Le Jharkhand et les filles disparues dans le district de GUMLA

Indépendamment de mon intérêt pour le soutien à l’éducation des filles, je suis particulièrement intriguée par leur disparition dans cet état. Cela fait des années que l’association indienne NSVK créée par Birendra, avec lequel je suis en lien depuis 2007, agit pour l’éducation des filles. Cela vise à éviter les mariages précoces ou la vente des filles du fait de la pauvreté et donc leur disparition. Le confinement a renforcé ce mécanisme d’où la création d’une nouvelle école pour les jeunes filles de 15 à 18 ans dont je parlerai plus tard.

Au bout d'une quizaine de kilomètres de mauvaise route et de piste, nous voici à Divgaon


Nous partons dans un petit village perdu dans la campagne, Divgaon. Nous y rencontrons d’abord une femme, Parfulla Tirkey qui nous explique que sa nièce est partie depuis trois ans au Tamil Nadu, état du sud-est de l’Inde, à plus de 2000 km de distance.

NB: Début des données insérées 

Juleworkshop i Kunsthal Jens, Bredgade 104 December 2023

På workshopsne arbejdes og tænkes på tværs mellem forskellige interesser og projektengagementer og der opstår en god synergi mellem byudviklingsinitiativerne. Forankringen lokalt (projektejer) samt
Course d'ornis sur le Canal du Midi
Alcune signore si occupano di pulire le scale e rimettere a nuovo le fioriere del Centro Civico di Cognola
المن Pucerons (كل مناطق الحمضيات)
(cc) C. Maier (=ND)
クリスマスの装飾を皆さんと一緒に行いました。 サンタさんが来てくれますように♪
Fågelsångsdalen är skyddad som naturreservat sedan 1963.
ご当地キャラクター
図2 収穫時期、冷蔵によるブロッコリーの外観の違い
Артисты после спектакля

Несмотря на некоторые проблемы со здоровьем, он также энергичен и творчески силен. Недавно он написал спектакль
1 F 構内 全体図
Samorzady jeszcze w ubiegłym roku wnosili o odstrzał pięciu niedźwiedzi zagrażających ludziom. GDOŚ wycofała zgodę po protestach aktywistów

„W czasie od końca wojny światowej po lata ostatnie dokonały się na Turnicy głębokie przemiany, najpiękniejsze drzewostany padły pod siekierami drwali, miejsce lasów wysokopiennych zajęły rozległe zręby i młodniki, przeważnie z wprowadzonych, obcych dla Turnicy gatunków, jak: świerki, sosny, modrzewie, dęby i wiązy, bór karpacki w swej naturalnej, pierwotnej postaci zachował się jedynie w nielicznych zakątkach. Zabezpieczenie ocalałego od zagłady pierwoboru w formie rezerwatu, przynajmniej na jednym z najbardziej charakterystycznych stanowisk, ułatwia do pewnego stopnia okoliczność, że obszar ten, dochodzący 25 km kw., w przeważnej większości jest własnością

Appelée par une connaissance pour y trouver du travail, elle n’a jamais donné de nouvelles. Dans ce village trente filles en cinq ans sont parties ; personne n’a de nouvelles.

dans la maison de Parfulla


Nous allons dans un autre village, Banadega, au bout d’une route minuscule, puis d’une piste, nous arrivons sous un gros arbre, magnifique pipal, où est installé le lieu de rencontre et de discussion pour le village. Quelqu’un sonne la cloche et les habitants arrivent. D’un côté, les femmes, avec leurs petits, de l’autre les hommes. Birendra et Lalit, travailleur social de l’association qui s’occupe de ce secteur, annonce le pourquoi de notre visite, le sort des filles qui nous préoccupe. Puis nous posons nos questions. Ces femmes tribales sont quelquefois hardies et pleines d’assurance et nous raconte avec le sourire, la disparition de leur fille (mais qu’est-ce qu’il peut se cacher derrière comme sentiments ?) Pour l’une sa fille est partie il y a déjà dix ans laissant deux enfants de 4 et 6 ans et son mari. Aucune explication. Aucune nouvelle.

le bel arbre du village lieu de réunion
les femmes s'installent sous les branches du pipal


 

 

 

 

 

 

 

 

 

 

Une autre se lève et nous dit que ses filles de 15 et 16 ans sont parties il y a deux ans à Delhi pour trouver du travail. Pas de nouvelles.

D’autres femmes sont très timides et à nos questions nous sentons que, pour elles aussi, une de leur fille est partie ou bien une fille qu’elles connaissent. Les émotions sont lisibles sur leur visage qui se transforme mais elles n’osent pas prendre la parole. Une autre est tellement émue qu’elle ne peut plus parler. Rien que dans ce village, il est troublant de voir le nombre de disparitions, soit clairement avouées, soit non-dites mais il y a de nombreux signes de tête qui disent : « oui, moi aussi ». Nous n’avons malheureusement pas le temps d’approfondir.

Lorsque nous demandons si des personnes parties sont revenues, personne du côté des femmes, mais dans le groupe d’hommes, un se lève. Il raconte être parti se faire embaucher sur les chantiers de construction à Goa, sur la côte ouest au sud de Bombay. Il n’a pas averti qu’il partait. Mais au bout de quatre mois il est revenu pour cultiver la terre dans son village. Il n’a pas pu supporter les conditions qui lui étaient imposées : il couchait dehors sur un matelas, pas de toilettes, traité comme un esclave et parfois torturé par le chef, salaire de misère. Alors on se dit que pour les femmes, qu’est-ce que cela peut être ?

la population du village qui est intéressée par le sujet de la disparition des filles


Lorsque nous posons la question si toutes ces familles ont fait un signalement de disparition à la police, aucune n’a fait ce type de démarche. Pourquoi ? Une femme répond en souriant avec un signe de la main bien compréhensible : « ils demandent de l’argent ». Et chacune d’approuver. La corruption règne en maître, et eux sont tellement pauvres qu’ils ne peuvent pas se permettre de payer pour signaler une disparition. De toute façon, leur demande sera vite oubliée.

Et si par hasard les policiers ne sont pas vénaux, ils posent tellement de questions personnelles auxquelles ils ne savent pas répondre, que tous ces villageois préfèrent vivre en paix sans rien signaler, restant avec leurs interrogations.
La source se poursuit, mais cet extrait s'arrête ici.